Mit Ausnahme der Gemeinen Wespe und der Deutschen Wespe sind die übrigen Faltenwespen völlig harmlos und halten sich im Normalfall nicht in Menschennähe auf. Meist lässt sich mit wenig Umsicht die kurze Zeit mit den Tieren leben. Im Abstand von 2-3 m vom Nest sollte man heftige Bewegungen und Bodenerschütterungen vermeiden. Auch sollte man sich nicht in die Flugbahn stellen.
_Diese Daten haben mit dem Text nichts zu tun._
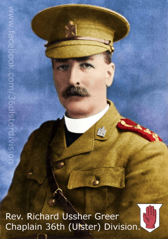 James Braithwaite a Company Serjeant Major from Lisburn and John Carruthers a private with links to Ballycastle who fell in 1916 are listed on the Basra Memorial in Iraq. The CSM may have died on a death march of prisoners of war. In 1917 two Ballymena men, William Blair and George McMullan, fell serving with the Royal Irish Rifles. Ian Munce from Holywood died serving with the RAF in 1945. He is remembered on memorials at QUB, Sullivan Upper School, Methodist College and Holywood. Today’s Veterans include Bill Brown, a WW2 navy flier who later designed the well-known Ruffian sailing boat in Portaferry and Harry Hamilton, a WW1 DCM holder, who was Chairman of the White House, Portrush. US born Teddy Dixon grew up in east Belfast and took part in the liberation of Dachau which he described as ‘going into hell’. Photo – Revd. Richard Greer of Banbridge was one of two new chaplains to serve with the Ulster Division. Click below for today’s newsletter –

Agressiv werden Hornissen und Wespen, wenn man an ihre Behausung klopft, in den Nestern herumstochert, Gegenstände in Bodennestern wirft oder versucht sie mit Wasser abzuspritzen. Auch sollte man bei Erdnestern nicht in unmittelbarer Nähe mit einem Rasenmäher Gras mähen.


Tipps zum Verhalten wenn Wespen in der Nähe sind

  • Nicht unnötig anlocken: Speisen und Getränke im Freien abdecken, Reste wegräumen.
  • Nicht direkt aus Dosen oder Flaschen trinken die offen im freien standen, Strohhalm zum trinken nutzen.
  • Kindern den Mund abwischen wenn Süßigkeiten gegessen worden sind.
  • Ruhe bewahren, heftige Bewegungen vermeiden und nicht nach Wespen oder Hornissen schlagen.
  • Licht zieht Insekten an und damit auch Wespen und Hornissen - von daher abends die Fenster schließen so lange Licht brennt.
  • Stiche sind schmerzhaft, aber meistens nicht gefährlich. Dies gilt auch für Stiche von Hornissen.
  • Eine angeschnittene Zwiebel an der Einstichstelle wirkt schmerzlindernd.
  • Bei Stichen im Rachenbereich sofort den Rettungsdienst alarmieren, Schwellungen mit Eis kühlen.
  • Bei allergischen Reaktionen (Übelkeit, Atemnot) ist ebenso ärztliche Hilfe erforderlich.
  • Bei der Beobachtung eines Wespennestes sich nicht in die Flugbahn stellen und etwas Abstand wahren.
  • Keine Wespenfallen aufstellen, sie töten auch harmlose Insekten und helfen kaum.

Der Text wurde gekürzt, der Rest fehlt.